Select to view content in your preferred language

how to edit out illegal characters in columns in large tables (>1000 files)

2588
12
06-15-2017 11:51 AM
LarryPearson
Deactivated User

I'm attempting to join two tables.  

The join validation report indicates several fields with illegal characters.  I'm editing a large county file with over 1000 parcels.  How to remove characters such as "-" or "/" for a whole column of data without doing it manually?

0 Kudos
12 Replies
DanPatterson_Retired
MVP Emeritus

how many illegal characters?
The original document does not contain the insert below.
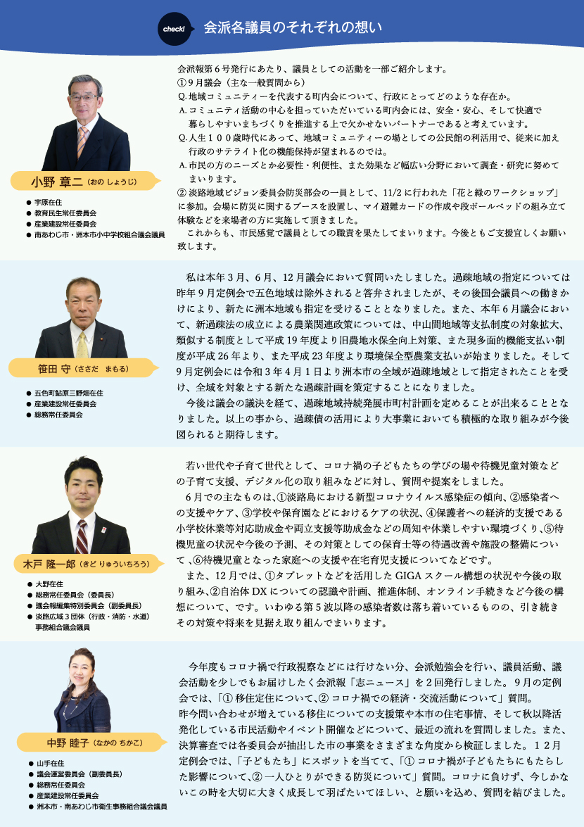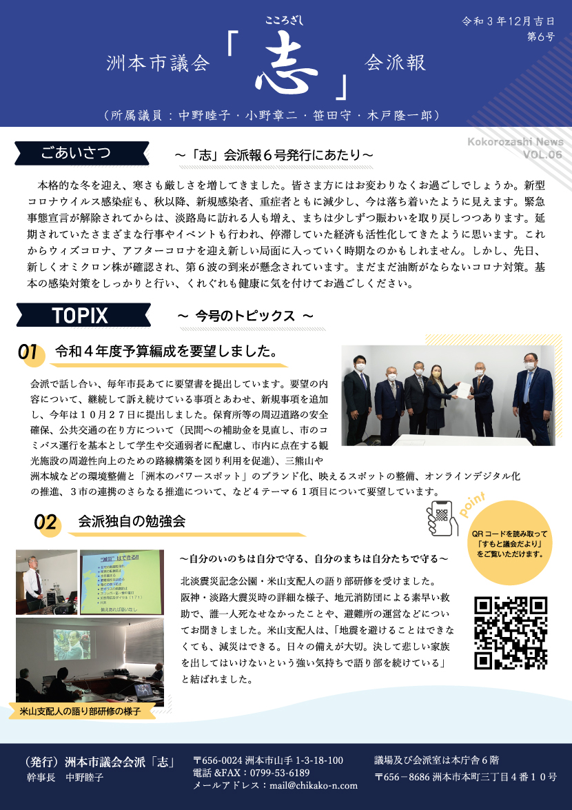 会派「志」会派報 vol.6を発行しました 会派活動、活動報告 会派「志」会派報「Kokorozashi News」vol.6を発行し、今回も洲本市内全紙に折りこみをさせていただきました。 会派報は、会派での活動や、思い、施策の進捗状況のご報告をさせていただくために、定期的に発行をさせていただいております。 今回もQRコードは、議会報「みんなのぎかい」にリンクをしています。 ご希望の方にはお送りしますのでメッセージでお知らせくださいませ🌺

If you can use the field calculator a simple !YourFieldName!.replace('-','') using a python parser would be a simple approach.  For many replacements a small function (def) could be written

0 Kudos
TedKowal
Honored Contributor

To add on to Dan's comment.  If you have a list of special characters to remove you can do it in the field calculater inside a def with something similiar to .....

>>> import string
>>> StringThatNeedsWork = "The - Time ! was well f$$$### spent   don't, you agree? 12345% 1.234"
>>> removethesechars = ['$','#','%','-']
>>> StringThatNeedsWork.translate(None,''.join(removethesechars))
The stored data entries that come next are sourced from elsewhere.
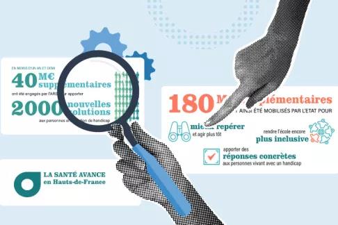 La santé avance en Hauts-de-France ! Dans toute la région, l’ARS accélère le déploiement du plan national 50 000 solutions, qui vise à créer de nouvelles solutions dans les territoires pour accompagner les choix de vie des enfants et des adultes en situation de handicap. Le point en quelques chiffres sur cette dynamique positive.
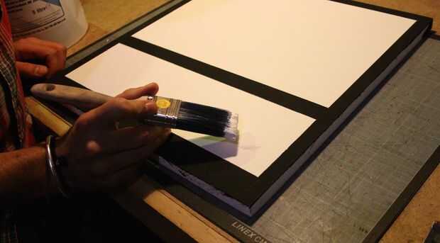 Pintura negra en la parte exterior de su enmascaramiento en cada tablero. Comprender la orientación de cada tabla le ayudará a averiguar qué aristas necesitan ser pintado.
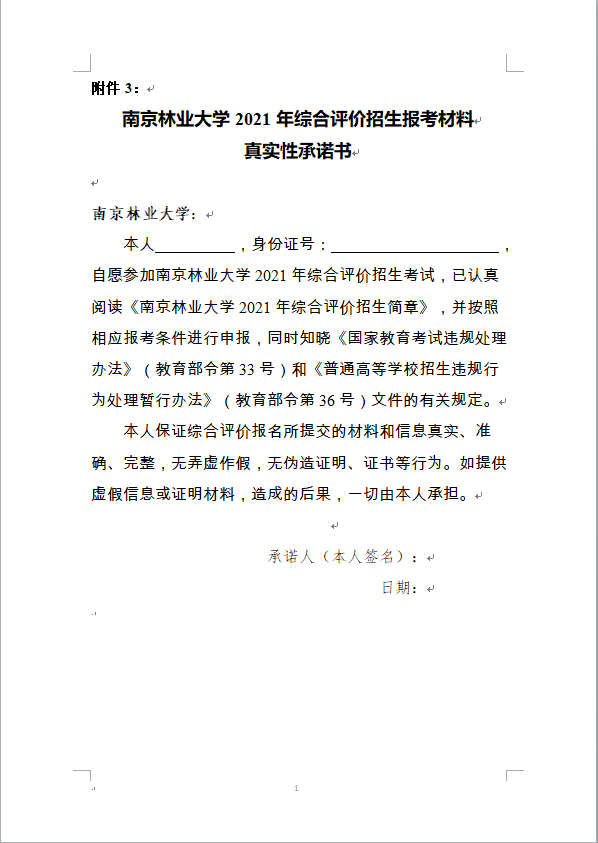 1.我校在江苏省教育厅和省教育考试院的领导下,认真落实相关政策要求。南京林业大学本科招生工作领导小组全面负责综合评价招生工作,学生工作处、教务处负责具体工作的组织和实施。综合评价招生工作接受学校纪检监察机构全过程监督,并接受社会监督。学校纪检监察机构监督电话:025-85428753。

"The  Time ! was well f spent   don't, you agree? 12345 1.234"
‍‍‍‍‍‍‍‍‍‍‍‍‍
mfcallahan
Frequent Contributor

If by illegal characters you mean all non-alphanumeric characters, you can use a list comprehension with str.isalnum():

testString = 'foo-bar#baz?qux@127/\\9]'
testStringCleaned = "".join(x for x in testString if x.isalnum()) # foobarbazqux1279‍‍

Found on Stack Overflow - Turn a string into a valid filename?

0 Kudos
TedKowal
Honored Contributor

Note that using .isalnum() will strip out significant '." and spaces as well   testString = " North Highway Route 2.1"  ---> "NorthHighwayRoute21"  if that is ok then it is a quick easy way!

mfcallahan
Frequent Contributor

Sometimes I do this, and replace and illegal chars or spaces with an underscore:

testStringCleaned = "".join([x if x.isalnum() else "_" for x in testString])# foo_bar_baz_qux_127__9_

 

AbdullahAnter
Honored Contributor

Ted , What about your answer in same question? Does it work?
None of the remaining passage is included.